● **PROBLEM TO WORK ON**:
An exact copy of the lines of the listing below between the "Good condition. Women’s" line and the "Aqua Cashmere sweater, Pearl" line, both included, is the whole answer; please omit the pictures.

● **SUPPLIED DATA**:
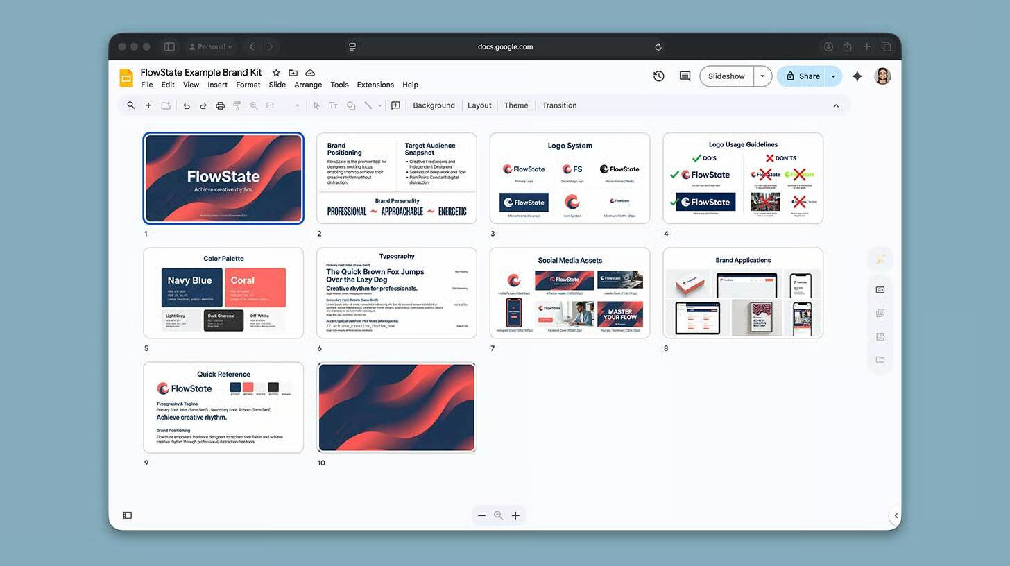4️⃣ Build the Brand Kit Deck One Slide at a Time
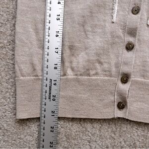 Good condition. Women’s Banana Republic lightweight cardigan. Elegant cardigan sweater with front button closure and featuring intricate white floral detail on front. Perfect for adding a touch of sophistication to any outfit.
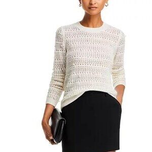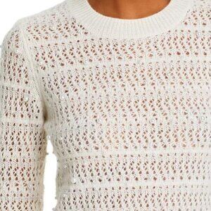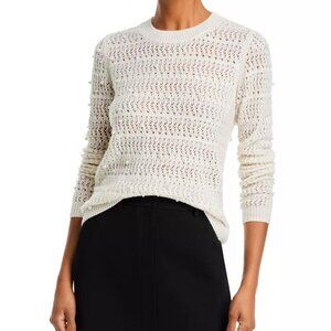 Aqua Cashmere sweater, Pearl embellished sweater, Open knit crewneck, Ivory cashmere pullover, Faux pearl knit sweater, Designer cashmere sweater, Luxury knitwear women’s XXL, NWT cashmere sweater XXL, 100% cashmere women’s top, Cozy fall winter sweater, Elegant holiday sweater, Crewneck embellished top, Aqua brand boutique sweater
==
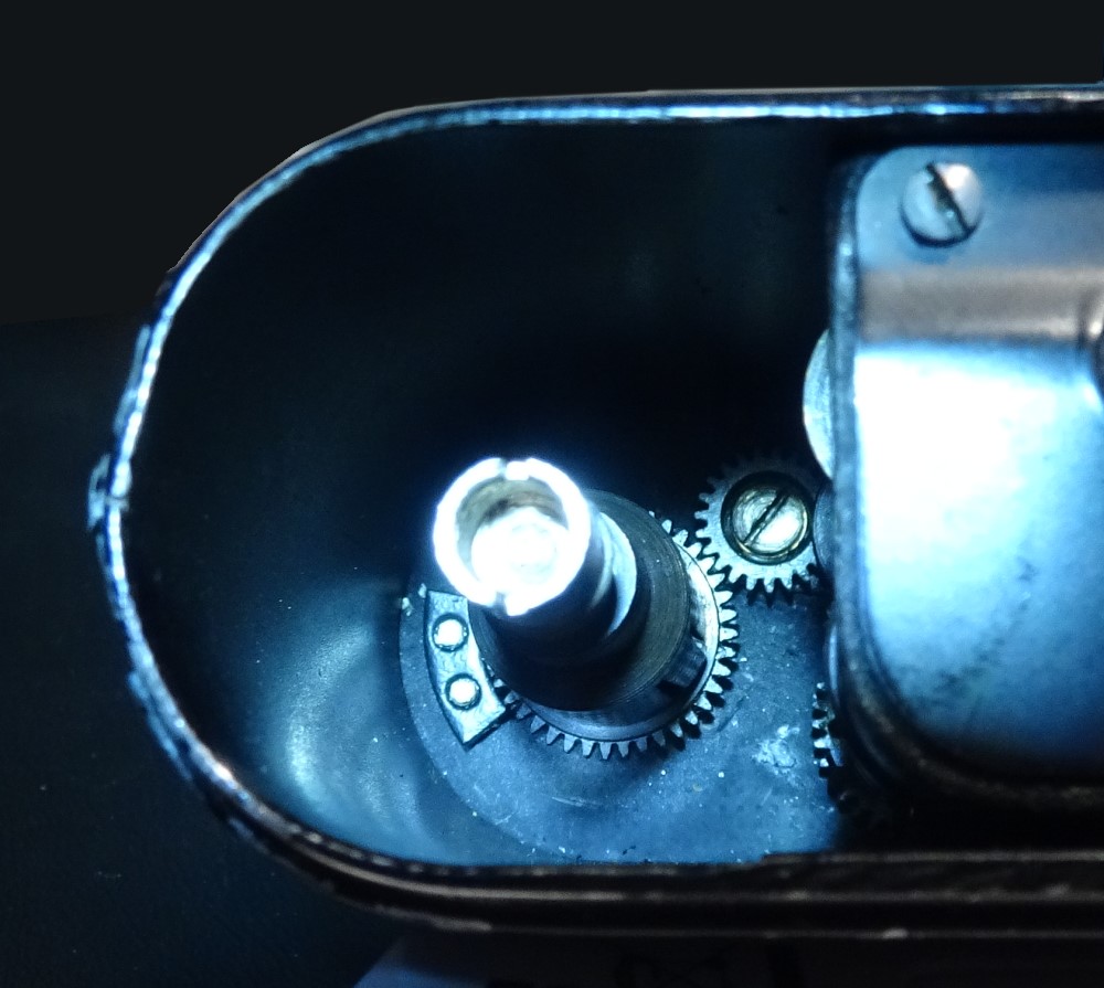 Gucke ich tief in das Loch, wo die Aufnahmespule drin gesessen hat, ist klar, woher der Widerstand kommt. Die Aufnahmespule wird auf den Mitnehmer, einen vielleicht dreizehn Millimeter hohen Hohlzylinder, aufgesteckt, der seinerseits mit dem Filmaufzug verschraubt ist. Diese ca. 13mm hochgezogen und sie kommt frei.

● **TASK OUTPUT**:
 Good condition. Women’s Banana Republic lightweight cardigan. Elegant cardigan sweater with front button closure and featuring intricate white floral detail on front. Perfect for adding a touch of sophistication to any outfit.
 Aqua Cashmere sweater, Pearl embellished sweater, Open knit crewneck, Ivory cashmere pullover, Faux pearl knit sweater, Designer cashmere sweater, Luxury knitwear women’s XXL, NWT cashmere sweater XXL, 100% cashmere women’s top, Cozy fall winter sweater, Elegant holiday sweater, Crewneck embellished top, Aqua brand boutique sweater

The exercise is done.